- Work task -
Look through the records below for the line with "Inland - Finestrat" and the line with "新太阳蚊帐 2025新款A类子母款上下铺蚊帐 三只小兔", then return those lines and all lines between, exactly.

- Source material -
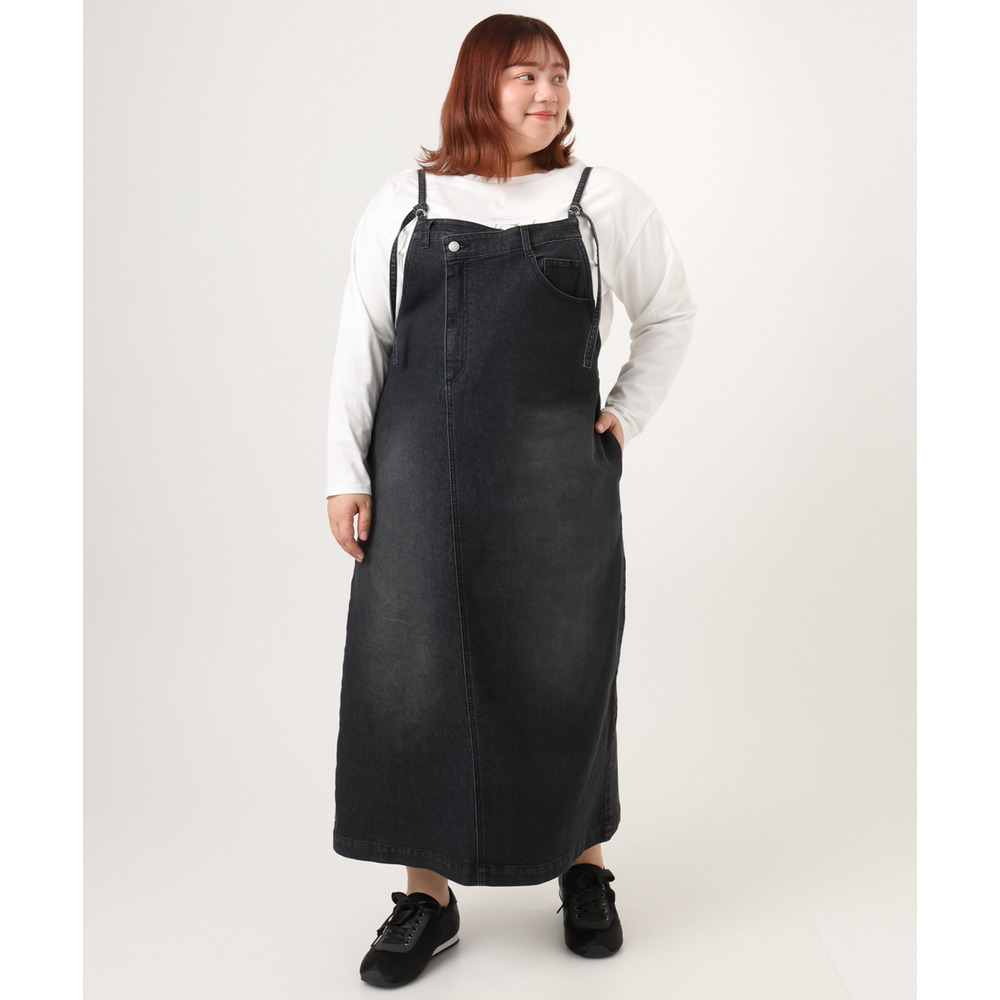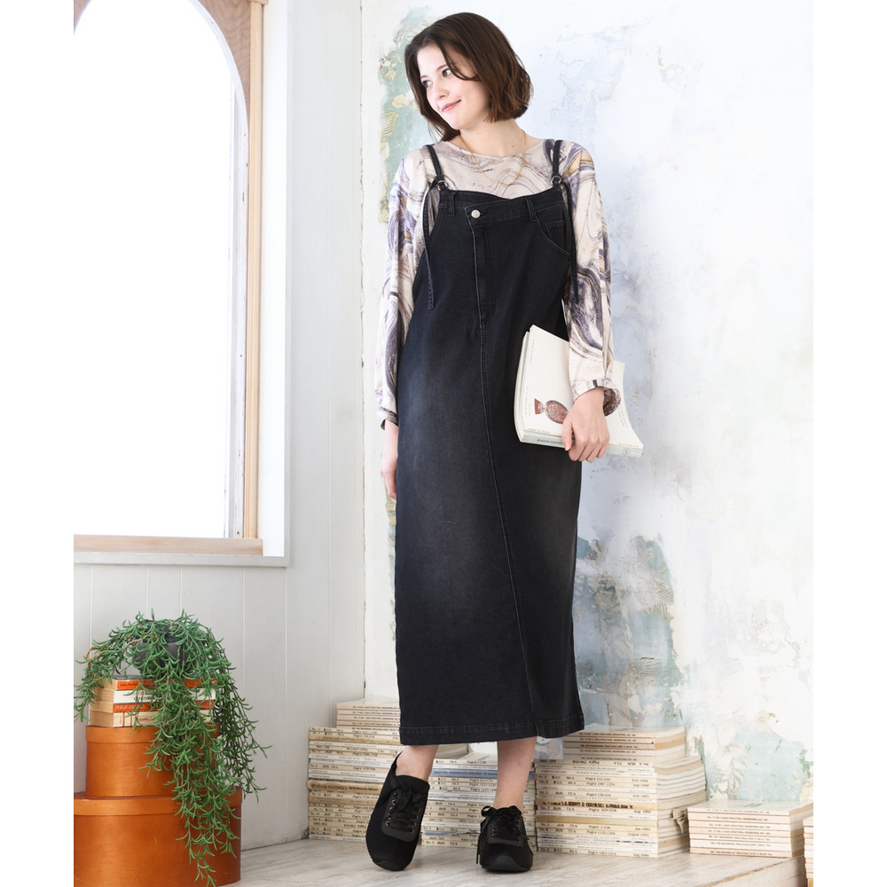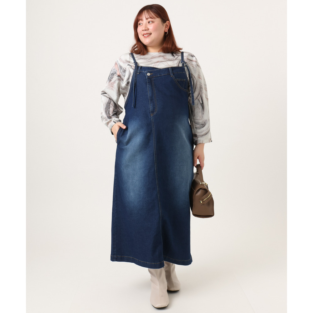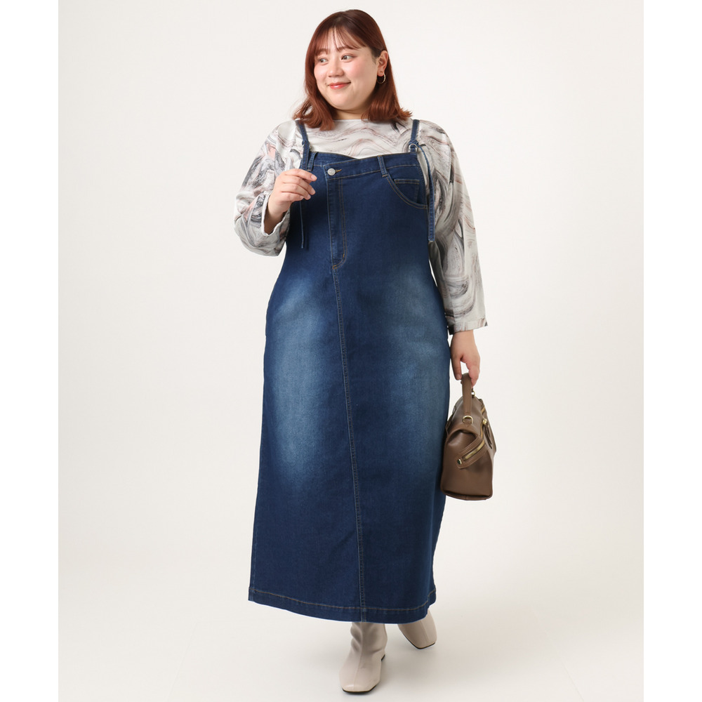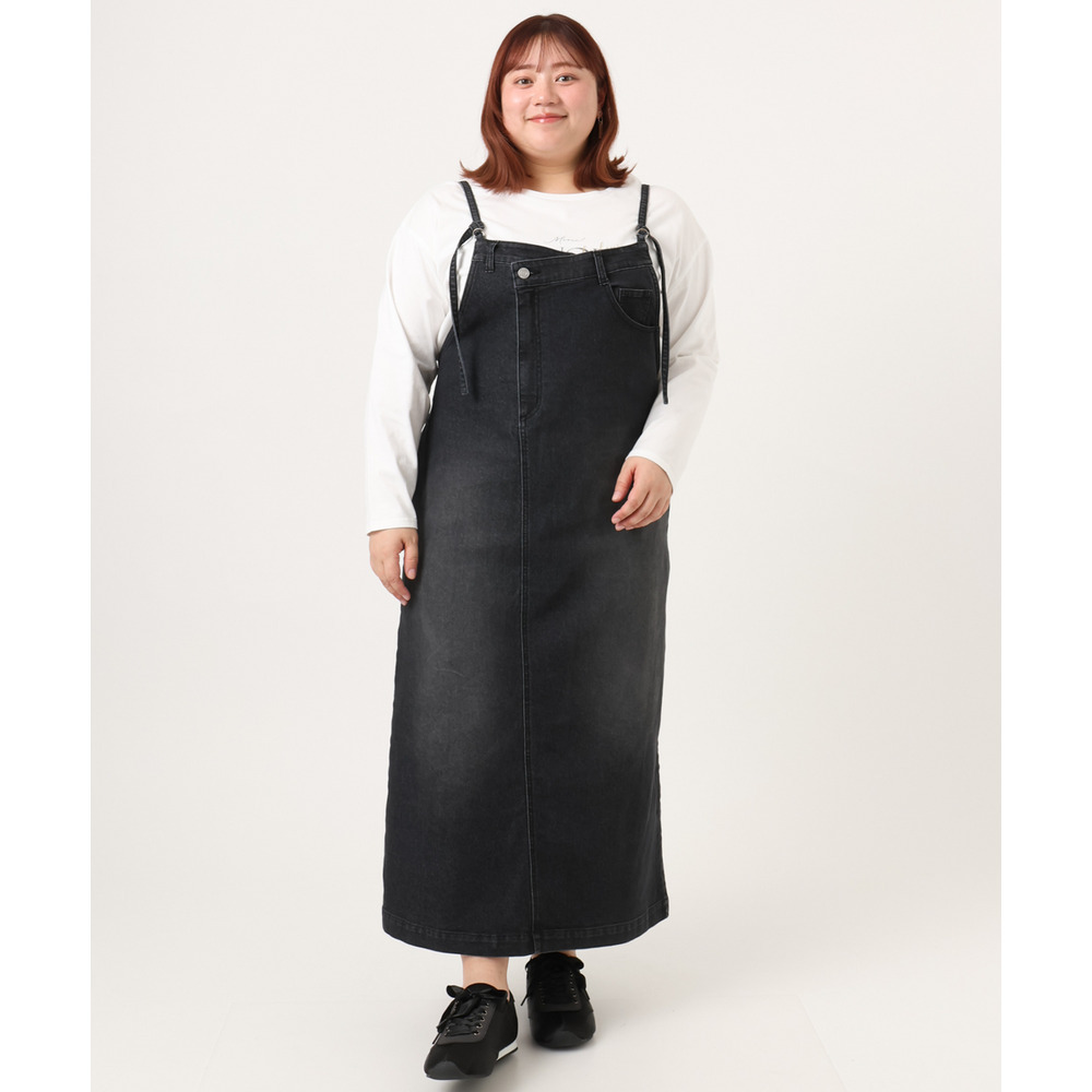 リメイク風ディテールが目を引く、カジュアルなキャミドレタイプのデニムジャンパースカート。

* * *

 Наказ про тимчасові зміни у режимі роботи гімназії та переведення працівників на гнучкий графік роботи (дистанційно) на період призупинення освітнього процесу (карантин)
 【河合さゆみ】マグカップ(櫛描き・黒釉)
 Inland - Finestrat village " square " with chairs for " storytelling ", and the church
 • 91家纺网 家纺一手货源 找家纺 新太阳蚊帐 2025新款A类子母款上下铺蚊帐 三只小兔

--

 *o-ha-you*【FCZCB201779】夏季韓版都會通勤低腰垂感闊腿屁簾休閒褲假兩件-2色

- Exercise output -
 Inland - Finestrat village " square " with chairs for " storytelling ", and the church
 • 91家纺网 家纺一手货源 找家纺 新太阳蚊帐 2025新款A类子母款上下铺蚊帐 三只小兔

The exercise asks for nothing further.